Pane Eric F, Haque Aziz, Wood Chris M
Department of Biology, McMaster University, 1280 Main St. West, Hamilton, Ont., Canada L8S 4K1.
Aquat Toxicol. 2004 Jul 30;69(1):11-24. doi: 10.1016/j.aquatox.2004.04.009.
In moderately hard Lake Ontario water (approximately 140 mg L(-1) as CaCO3) waterborne Ni (9.7-10.7 mg Ni L(-1)) is acutely toxic to adult rainbow trout (Oncorhynchus mykiss) exclusively via branchial mechanisms. Ventilation in resting trout (evaluated using a ventilatory masking technique) was adversely affected, as ventilation rate (VR), ventilation volume (VG), opercular stroke volume (VSV) and resting oxygen consumption (MO2) were all increased, and oxygen extraction efficiency (U%) decreased over 48 h of Ni exposure. Extensive gill Ni accumulation (41-fold over control levels) during 82 h of waterborne Ni exposure resulted in marked ultrastructural damage to the respiratory epithelium of the gill, including swelling of the secondary lamellae evidenced by changes to both the lamellar region (increased secondary lamellar tissue volume (VSL/V(LR), and to the secondary lamellae themselves (increased volume of tissue lying outside the pillar system (VOPS/VSL). Additionally, decreased lamellar height and increased lamellar width indicated a reduction in lamellar surface area available for gas diffusion. The relative diffusing capacity of experimental fish was only 59% of that of control fish. Infusion of Ni into the blood, achieving a similar time course and magnitude of plasma [Ni] elevation to that during waterborne exposure, failed to elicit any signs of respiratory toxicity typically diagnostic of acute, high level waterborne Ni exposure. Infusion of Ni into the blood for 96 h resulted in only minor accumulation of Ni in the gill, suggesting that acute Ni-induced respiratory toxicity is related to accumulation of high levels of Ni in the gill from the water. Additionally, infusion of Ni into the bloodstream led to significant extrabranchial Ni accumulation only in the kidney. White muscle, heart, liver, stomach, and intestine did not significantly accumulate Ni following infusion into the bloodstream and trapped plasma analysis revealed that, with the exception of the kidney, a substantial portion of Ni accumulated in tissues following infusion could be accounted for by extracellular (blood-bound) Ni.

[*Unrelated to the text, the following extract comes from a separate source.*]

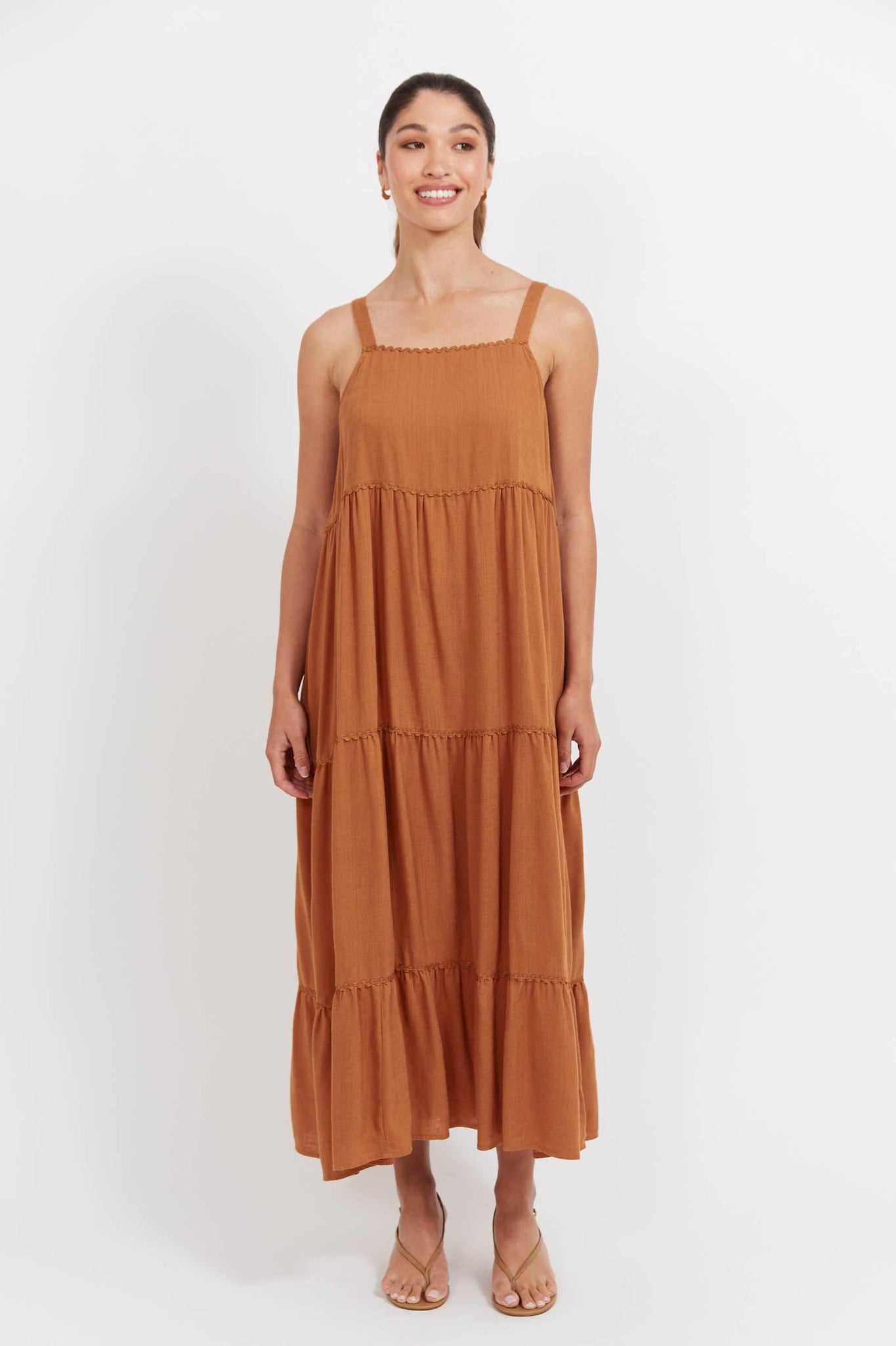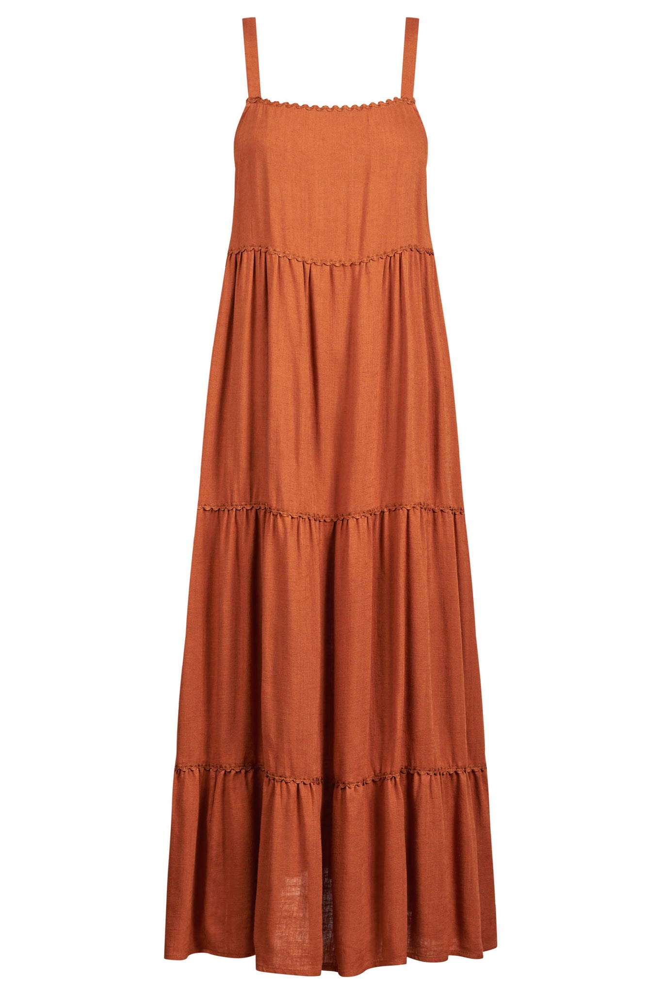 Your no-fuss, go-everywhere summer hero. The Haiti Tank Maxi Dress is tiered, flowing, and versatile - from beach strolls to balmy nights out. Featuring a straight neckline, adjustable straps with gold-tone hardware, and an elasticated back panel for comfort. Ric-rac trim along the neckline and skirt tiers adds playful charm, while internal side pockets keep things practical.

在安大略湖中等硬度的水中(碳酸钙含量约为140毫克/升),水溶态镍(9.7 - 10.7毫克镍/升)对成年虹鳟(Oncorhynchus mykiss)具有急性毒性,且仅通过鳃部机制产生影响。静息状态下的虹鳟的通气(使用通气掩盖技术评估)受到不利影响,在镍暴露的48小时内,通气率(VR)、通气量(VG)、鳃盖冲程容积(VSV)和静息耗氧量(MO2)均增加,而氧提取效率(U%)降低。在水溶态镍暴露82小时期间,鳃中镍大量积累(比对照水平高41倍),导致鳃呼吸上皮出现明显的超微结构损伤,包括次生鳃小片肿胀,这通过鳃小片区域(次生鳃小片组织体积增加(VSL/V(LR))以及次生鳃小片本身(柱系统外组织体积增加(VOPS/VSL))的变化得以证明。此外,鳃小片高度降低和宽度增加表明可用于气体扩散的鳃小片表面积减少。实验鱼的相对扩散能力仅为对照鱼的59%。向血液中注入镍,使血浆[Ni]升高的时间进程和幅度与水溶态暴露期间相似,但未能引发任何通常可诊断为急性、高浓度水溶态镍暴露的呼吸毒性迹象。向血液中注入镍96小时仅导致鳃中镍的少量积累,这表明急性镍诱导的呼吸毒性与水中高浓度镍在鳃中的积累有关。此外,向血液中注入镍仅导致肾脏中出现明显的鳃外镍积累。注入血液后,白肌、心脏、肝脏、胃和肠道并未显著积累镍,截留血浆分析表明,除肾脏外,注入后组织中积累的大部分镍可由细胞外(与血液结合的)镍来解释。